The problem of gravitation is the classical example of a radial potential problem. It is helpful, therefore, to examine the nature of a general radial potential problem, for which we know that the potential $U$ is purely a function of the radial distance $r$, but the potential $U(r)$ can be arbitrary. We wish to find the equations of motion for mass $m$ that orbits around the larger mass $M$. It is useful to effectively consider the two masses to form a single effective mass, which we call the reduced mass, and denote by $\mu$, as shown below:

$$ \mu = \dfrac{mM}{m + M} $$

While the radial potential problem was already solved, even before the development of Lagrangian mechanics, solving it with Lagrangian mechanics provides unique insights that are difficult to see when solving using the Newtonian approach. This allows us to write the Lagrangian in polar coordinates for the radial potential:

$$ \mathcal{L} = \dfrac{1}{2} \mu (\dot r^2 + r^2 \dot \theta^2) - U(r) $$

Where once again, $\mu$ is the reduced mass. We have two Euler-Lagrange equations for our two generalized coordinates, one for $r$ and one for $\theta$. The Euler-Lagrange equation in $r$ yields:

$$ \mu \ddot r - \mu r \dot \theta^2 + \dfrac{dU}{dr} = 0 $$

Meanwhile, the Euler-Lagrange equation in $\theta$ yields:

$$ \begin{align*} \dfrac{d}{dt}(\underbrace{\mu r^2 \dot \theta}_\text{const.}) &= 0 \\ \text{const.} &= \ell \\ \Rightarrow \dot \theta &= \dfrac{\ell}{\mu r^2} \end{align*} $$

We find that there is a conserved quantity (which we call $\ell$) that is intrinsic to the radial system (it is conserved, since it is constant). This quantity, $\ell$, has units, which we may determine by dimensional analysis, to be $\pu{kg \cdot m^2 \cdot s^{-1}}$ - exactly those of the classical angular momentum.
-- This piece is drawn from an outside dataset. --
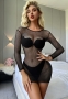 2023 Styles Women Sexy&Fashion Autumn/Winter TikTok&Instagram Styles Short Sleeve Lace Hollow Net Mini DressSKU: #CF78050-1

Thus, if we now use our expression we obtained for $\dot \theta$ into our Euler-Lagrange equation for $r$, then we have:

$$ \mu \ddot r - \mu r \left(\dfrac{\ell}{\mu r^2}\right)^2 + \dfrac{dU}{dr} = 0 $$

By slight rearrangement and expansion, we have:

$$ \mu \dfrac{d^2 r}{dt^2} - \dfrac{\ell^2}{\mu r^3} = -\dfrac{dU}{dr} $$

If we define $F(r) \equiv -\dfrac{dU}{dr}$ as the central force defined by the radial potential, then we can write this in a simpler form as:

$$ \mu \dfrac{d^2 r}{dt^2} - \dfrac{\ell^2}{\mu r^3} = F(r) $$

Now, this equation of motion, while still useful, has a problem: it is defined with derivatives with respect to $t$. Thus, we can use it to find the radial distance of the orbiting body over time, but it is no good for finding the actual shape of the orbit, for which we need to find $r(\theta)$, the radial distance of the orbiting body as a function of $\theta$.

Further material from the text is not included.